Episode Details
Back to Episodes
Deciding to Contract with a Payor: Joining "the Network"
Description
You've built the operation — clinicians credentialed, tech stack running, compliance buttoned up. Then a regional Medicaid managed care plan wants to talk about contracting. Your first instinct: great, let's do it. Then someone pulls up the 40-page contract with a 43-code prior authorization matrix and a data-sharing provision you're not sure sits cleanly with your other obligations.

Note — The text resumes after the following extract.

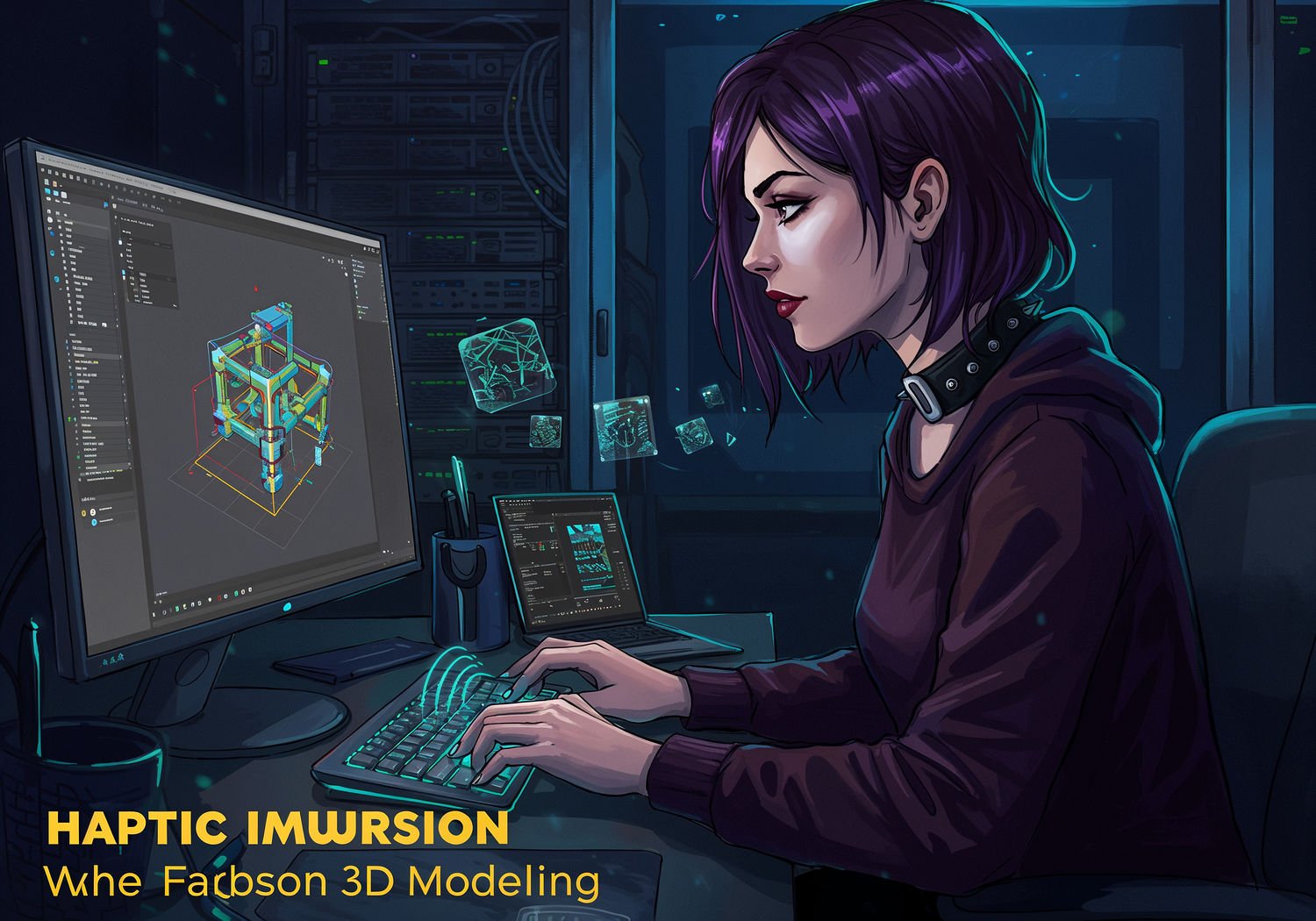 Woman in in gothic and tech-related clothing, Woman at a modern workstation desk, intensely focused on a large computer screen displaying a detailed 3D model in Blender, her hands typing on a haptic feedback keyboard with subtle vibration effects visualized as glowing waves emanating from the keys, surrounded by creative tools like a mouse and stylus, immersive atmosphere with soft digital glows and virtual textures floating nearby. The text reads in large bold font with light yellow outline and professional readable typeface: 'Haptic Immersion in 3D Modeling’

The fee schedule is fine. Not great — fine. And now the question isn't can we do this. It's should we, and on what terms?
In this episode, Alex breaks down the payer contracting decision as what it actually is: a market entry and operational alignment commitment that happens to include a rate negotiation inside it. He walks through the six-dimension evaluation framework every health operator should run before signing anything.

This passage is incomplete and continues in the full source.